Given data START
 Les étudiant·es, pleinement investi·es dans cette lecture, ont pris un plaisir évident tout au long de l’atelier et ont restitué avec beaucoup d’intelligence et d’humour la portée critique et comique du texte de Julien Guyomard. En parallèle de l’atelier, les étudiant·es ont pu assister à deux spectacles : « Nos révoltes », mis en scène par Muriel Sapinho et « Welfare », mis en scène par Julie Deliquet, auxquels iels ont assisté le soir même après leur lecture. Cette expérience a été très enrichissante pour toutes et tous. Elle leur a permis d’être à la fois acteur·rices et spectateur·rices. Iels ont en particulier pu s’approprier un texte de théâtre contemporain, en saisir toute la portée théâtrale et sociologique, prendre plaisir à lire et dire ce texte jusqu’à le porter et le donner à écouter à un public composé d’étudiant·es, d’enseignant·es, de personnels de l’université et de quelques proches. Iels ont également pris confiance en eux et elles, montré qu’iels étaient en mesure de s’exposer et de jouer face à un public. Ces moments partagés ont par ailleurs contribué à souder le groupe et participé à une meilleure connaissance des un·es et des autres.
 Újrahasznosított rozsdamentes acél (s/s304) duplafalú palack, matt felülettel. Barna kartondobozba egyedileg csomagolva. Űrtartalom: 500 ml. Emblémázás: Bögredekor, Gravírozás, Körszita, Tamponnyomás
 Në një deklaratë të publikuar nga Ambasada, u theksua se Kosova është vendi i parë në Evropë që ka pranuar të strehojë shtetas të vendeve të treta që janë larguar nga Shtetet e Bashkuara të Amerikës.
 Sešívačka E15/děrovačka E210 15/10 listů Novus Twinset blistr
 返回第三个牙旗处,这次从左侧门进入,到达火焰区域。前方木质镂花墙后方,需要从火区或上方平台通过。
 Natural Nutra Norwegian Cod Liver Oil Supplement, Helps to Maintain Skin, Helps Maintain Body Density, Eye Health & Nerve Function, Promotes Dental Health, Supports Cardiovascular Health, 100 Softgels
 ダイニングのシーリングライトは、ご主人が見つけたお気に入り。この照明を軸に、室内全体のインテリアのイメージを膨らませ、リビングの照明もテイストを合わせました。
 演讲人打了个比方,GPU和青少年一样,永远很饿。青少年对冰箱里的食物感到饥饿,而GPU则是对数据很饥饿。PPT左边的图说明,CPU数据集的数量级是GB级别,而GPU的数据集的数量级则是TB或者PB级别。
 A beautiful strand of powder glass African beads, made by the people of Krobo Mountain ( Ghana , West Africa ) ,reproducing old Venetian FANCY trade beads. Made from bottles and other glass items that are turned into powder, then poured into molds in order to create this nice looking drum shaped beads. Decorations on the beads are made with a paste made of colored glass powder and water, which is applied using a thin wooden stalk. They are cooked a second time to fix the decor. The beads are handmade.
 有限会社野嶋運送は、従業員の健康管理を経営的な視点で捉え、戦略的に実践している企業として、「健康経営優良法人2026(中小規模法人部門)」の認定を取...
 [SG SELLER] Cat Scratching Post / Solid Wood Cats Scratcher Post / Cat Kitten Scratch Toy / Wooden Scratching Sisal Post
Given data END
● Work required:
Give the lines again, exactly as they stand, from the beginning of the data through the line with "ダイニングのシーリングライト".

● Reply:
 Les étudiant·es, pleinement investi·es dans cette lecture, ont pris un plaisir évident tout au long de l’atelier et ont restitué avec beaucoup d’intelligence et d’humour la portée critique et comique du texte de Julien Guyomard. En parallèle de l’atelier, les étudiant·es ont pu assister à deux spectacles : « Nos révoltes », mis en scène par Muriel Sapinho et « Welfare », mis en scène par Julie Deliquet, auxquels iels ont assisté le soir même après leur lecture. Cette expérience a été très enrichissante pour toutes et tous. Elle leur a permis d’être à la fois acteur·rices et spectateur·rices. Iels ont en particulier pu s’approprier un texte de théâtre contemporain, en saisir toute la portée théâtrale et sociologique, prendre plaisir à lire et dire ce texte jusqu’à le porter et le donner à écouter à un public composé d’étudiant·es, d’enseignant·es, de personnels de l’université et de quelques proches. Iels ont également pris confiance en eux et elles, montré qu’iels étaient en mesure de s’exposer et de jouer face à un public. Ces moments partagés ont par ailleurs contribué à souder le groupe et participé à une meilleure connaissance des un·es et des autres.
 Újrahasznosított rozsdamentes acél (s/s304) duplafalú palack, matt felülettel. Barna kartondobozba egyedileg csomagolva. Űrtartalom: 500 ml. Emblémázás: Bögredekor, Gravírozás, Körszita, Tamponnyomás
 Në një deklaratë të publikuar nga Ambasada, u theksua se Kosova është vendi i parë në Evropë që ka pranuar të strehojë shtetas të vendeve të treta që janë larguar nga Shtetet e Bashkuara të Amerikës.
 Sešívačka E15/děrovačka E210 15/10 listů Novus Twinset blistr
 返回第三个牙旗处,这次从左侧门进入,到达火焰区域。前方木质镂花墙后方,需要从火区或上方平台通过。
 Natural Nutra Norwegian Cod Liver Oil Supplement, Helps to Maintain Skin, Helps Maintain Body Density, Eye Health & Nerve Function, Promotes Dental Health, Supports Cardiovascular Health, 100 Softgels
 ダイニングのシーリングライトは、ご主人が見つけたお気に入り。この照明を軸に、室内全体のインテリアのイメージを膨らませ、リビングの照明もテイストを合わせました。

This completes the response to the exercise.